The lines in the listing below are to be given again exactly, starting at the line holding "A SET OF VINTAGE" and ending at the line holding "Кадр из фильма, где". Do not include pictures.

Data for this exercise>
==========

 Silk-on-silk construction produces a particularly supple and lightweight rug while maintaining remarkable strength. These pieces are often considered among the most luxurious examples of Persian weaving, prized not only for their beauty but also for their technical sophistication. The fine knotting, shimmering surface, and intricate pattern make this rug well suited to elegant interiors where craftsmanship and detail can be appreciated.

==========

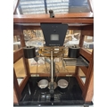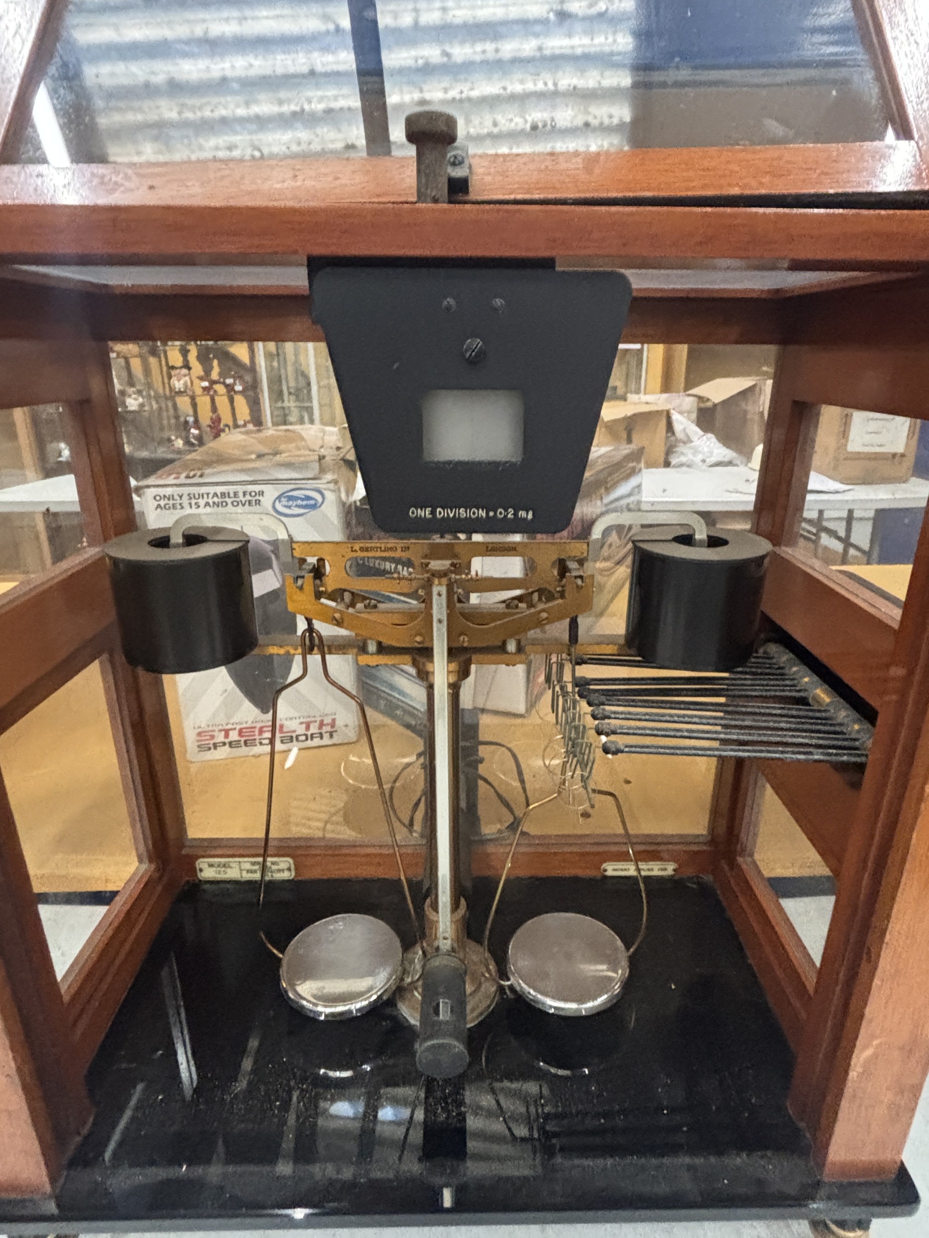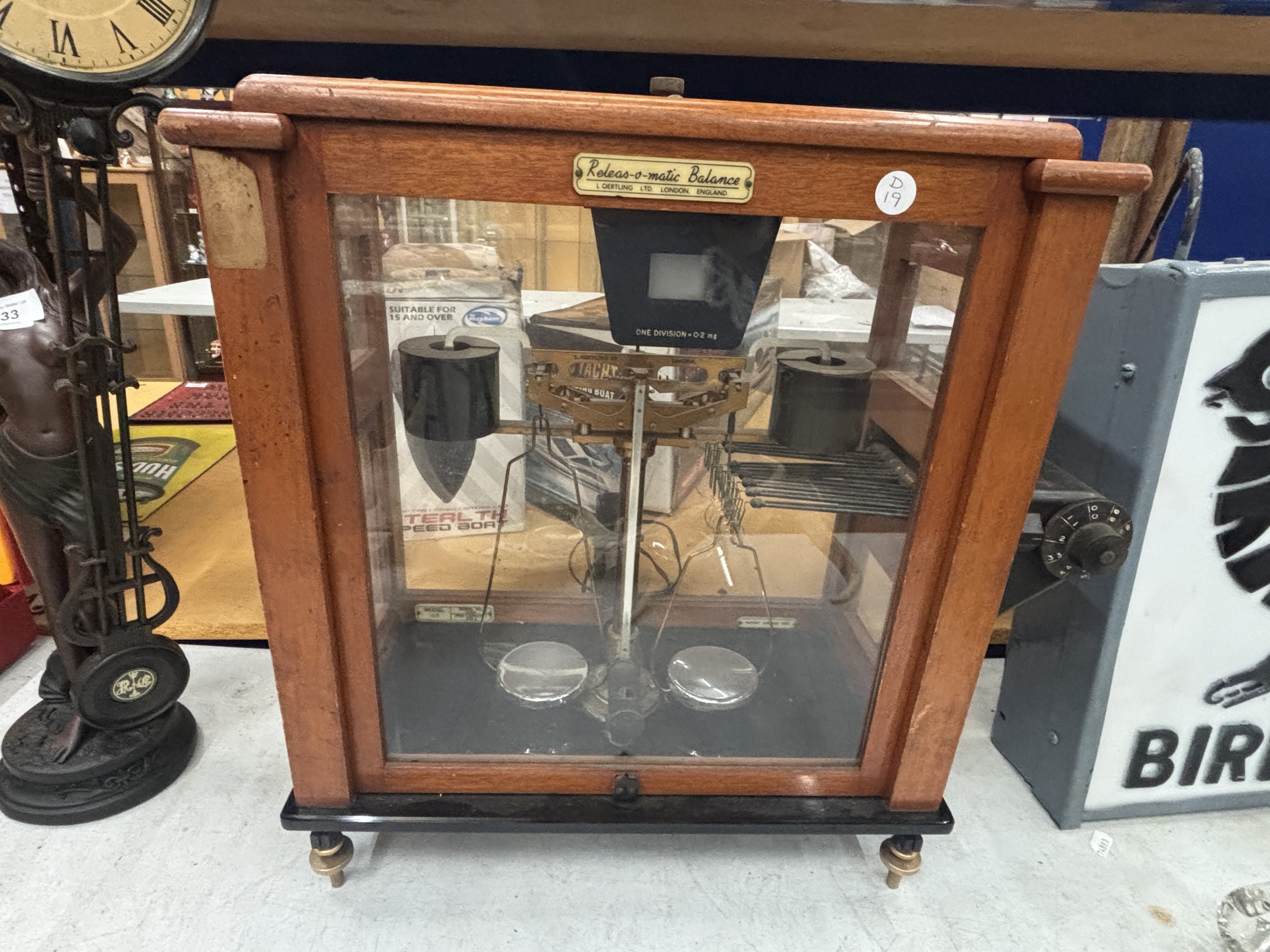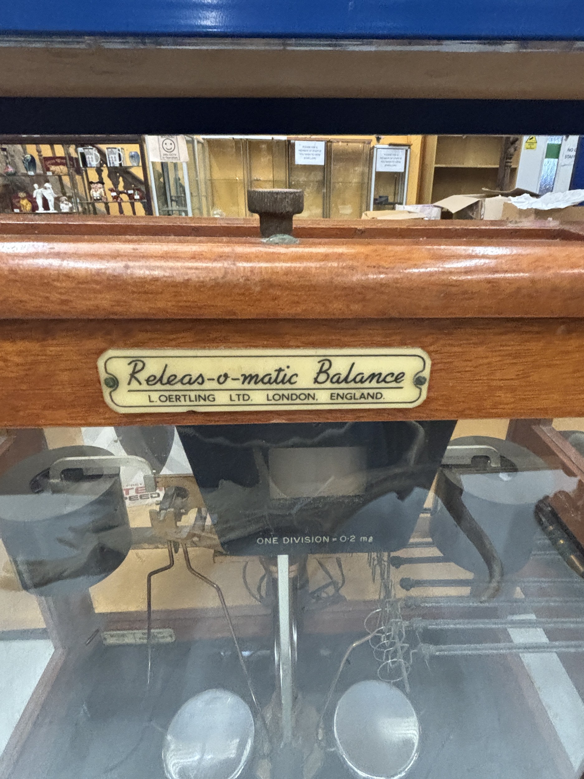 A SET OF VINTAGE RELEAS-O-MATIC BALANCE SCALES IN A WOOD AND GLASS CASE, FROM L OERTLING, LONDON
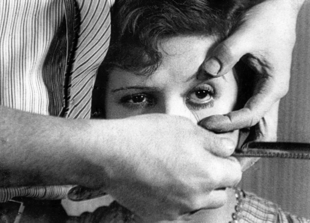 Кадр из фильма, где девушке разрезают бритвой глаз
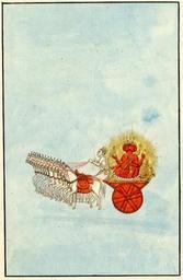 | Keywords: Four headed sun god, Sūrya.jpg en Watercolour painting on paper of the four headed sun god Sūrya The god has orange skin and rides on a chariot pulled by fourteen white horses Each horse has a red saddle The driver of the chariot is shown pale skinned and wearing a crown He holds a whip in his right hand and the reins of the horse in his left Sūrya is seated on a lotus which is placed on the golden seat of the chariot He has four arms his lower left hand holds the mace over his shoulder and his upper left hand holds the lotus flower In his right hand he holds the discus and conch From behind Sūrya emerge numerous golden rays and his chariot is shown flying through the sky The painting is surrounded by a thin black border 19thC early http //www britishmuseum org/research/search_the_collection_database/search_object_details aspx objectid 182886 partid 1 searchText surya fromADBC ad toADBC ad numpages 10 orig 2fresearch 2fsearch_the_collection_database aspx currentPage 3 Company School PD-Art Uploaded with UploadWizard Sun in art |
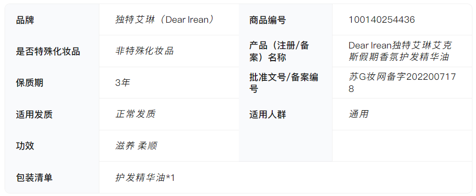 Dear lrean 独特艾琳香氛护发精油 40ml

==========

Exercise answer>
 A SET OF VINTAGE RELEAS-O-MATIC BALANCE SCALES IN A WOOD AND GLASS CASE, FROM L OERTLING, LONDON
 Кадр из фильма, где девушке разрезают бритвой глаз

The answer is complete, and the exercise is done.